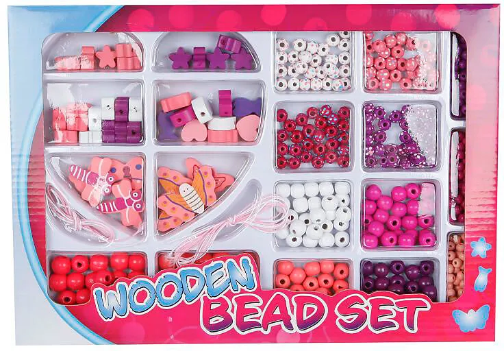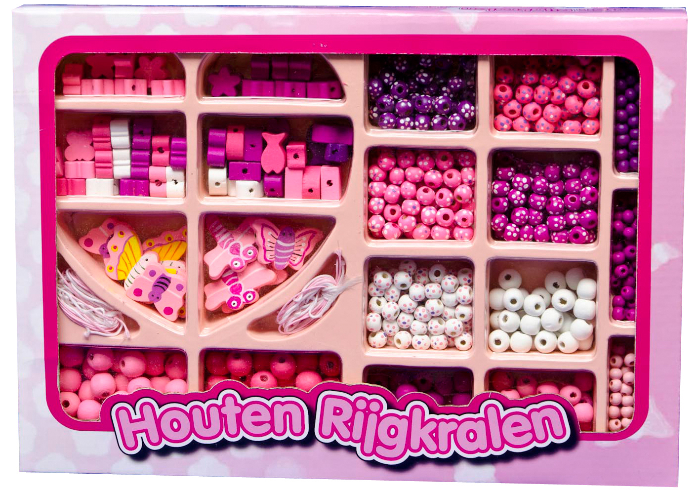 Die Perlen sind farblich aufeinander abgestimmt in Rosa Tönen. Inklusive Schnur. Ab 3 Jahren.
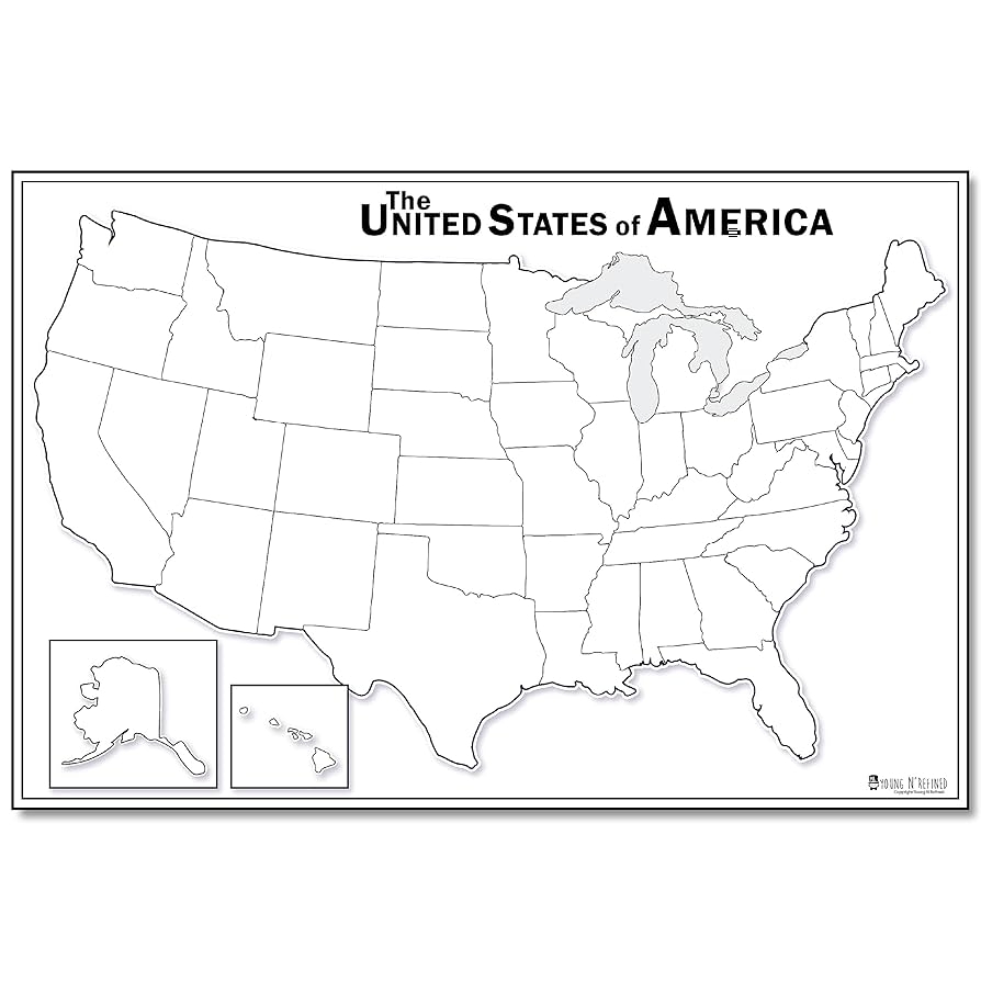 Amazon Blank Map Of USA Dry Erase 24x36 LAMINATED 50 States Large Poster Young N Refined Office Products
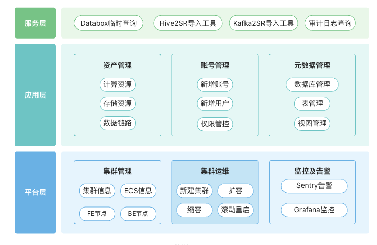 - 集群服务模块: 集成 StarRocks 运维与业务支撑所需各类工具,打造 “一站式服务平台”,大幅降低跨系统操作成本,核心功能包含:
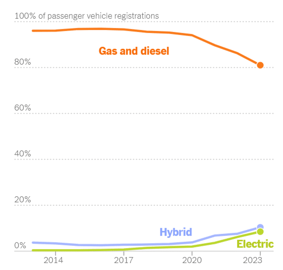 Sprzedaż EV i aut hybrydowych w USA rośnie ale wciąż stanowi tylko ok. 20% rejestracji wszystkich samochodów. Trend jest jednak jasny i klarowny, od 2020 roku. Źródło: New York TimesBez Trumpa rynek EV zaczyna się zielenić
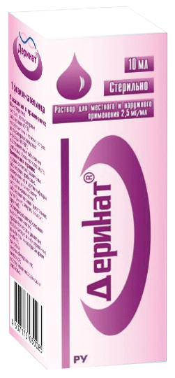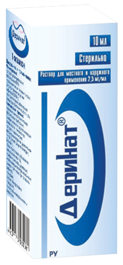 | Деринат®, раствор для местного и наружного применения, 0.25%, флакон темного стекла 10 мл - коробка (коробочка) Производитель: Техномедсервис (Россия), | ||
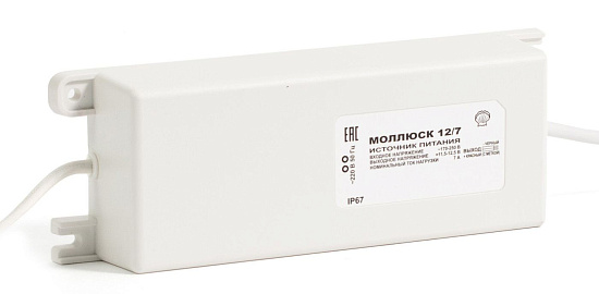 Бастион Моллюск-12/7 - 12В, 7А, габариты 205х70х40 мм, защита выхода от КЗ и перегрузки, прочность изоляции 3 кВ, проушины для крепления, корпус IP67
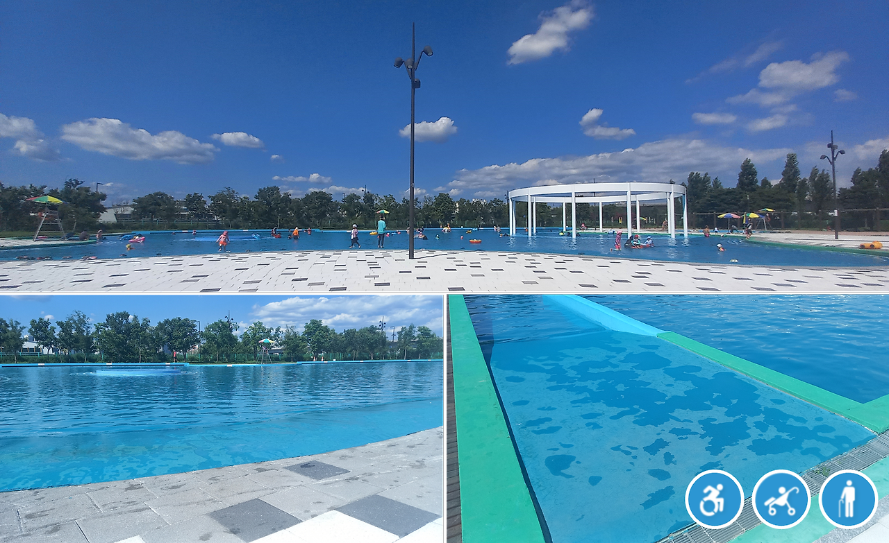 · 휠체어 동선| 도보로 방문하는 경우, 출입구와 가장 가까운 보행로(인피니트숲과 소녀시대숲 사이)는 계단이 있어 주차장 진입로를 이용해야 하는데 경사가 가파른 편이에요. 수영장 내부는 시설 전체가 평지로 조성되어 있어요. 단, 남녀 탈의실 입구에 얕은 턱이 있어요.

---

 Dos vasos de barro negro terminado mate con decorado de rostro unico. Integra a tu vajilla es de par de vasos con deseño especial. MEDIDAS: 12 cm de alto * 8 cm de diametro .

- **THE PROBLEM**
Reproduce the data above exactly, but only the lines from the one showing "Die Perlen sind" through the one showing "입구에 얕은 턱이 있어요.", with both ends kept and the pictures left out.

- **OUTPUT BELOW**
 Die Perlen sind farblich aufeinander abgestimmt in Rosa Tönen. Inklusive Schnur. Ab 3 Jahren.
 Amazon Blank Map Of USA Dry Erase 24x36 LAMINATED 50 States Large Poster Young N Refined Office Products
 - 集群服务模块: 集成 StarRocks 运维与业务支撑所需各类工具,打造 “一站式服务平台”,大幅降低跨系统操作成本,核心功能包含:
 Sprzedaż EV i aut hybrydowych w USA rośnie ale wciąż stanowi tylko ok. 20% rejestracji wszystkich samochodów. Trend jest jednak jasny i klarowny, od 2020 roku. Źródło: New York TimesBez Trumpa rynek EV zaczyna się zielenić
 | Деринат®, раствор для местного и наружного применения, 0.25%, флакон темного стекла 10 мл - коробка (коробочка) Производитель: Техномедсервис (Россия), | ||
 Бастион Моллюск-12/7 - 12В, 7А, габариты 205х70х40 мм, защита выхода от КЗ и перегрузки, прочность изоляции 3 кВ, проушины для крепления, корпус IP67
 · 휠체어 동선| 도보로 방문하는 경우, 출입구와 가장 가까운 보행로(인피니트숲과 소녀시대숲 사이)는 계단이 있어 주차장 진입로를 이용해야 하는데 경사가 가파른 편이에요. 수영장 내부는 시설 전체가 평지로 조성되어 있어요. 단, 남녀 탈의실 입구에 얕은 턱이 있어요.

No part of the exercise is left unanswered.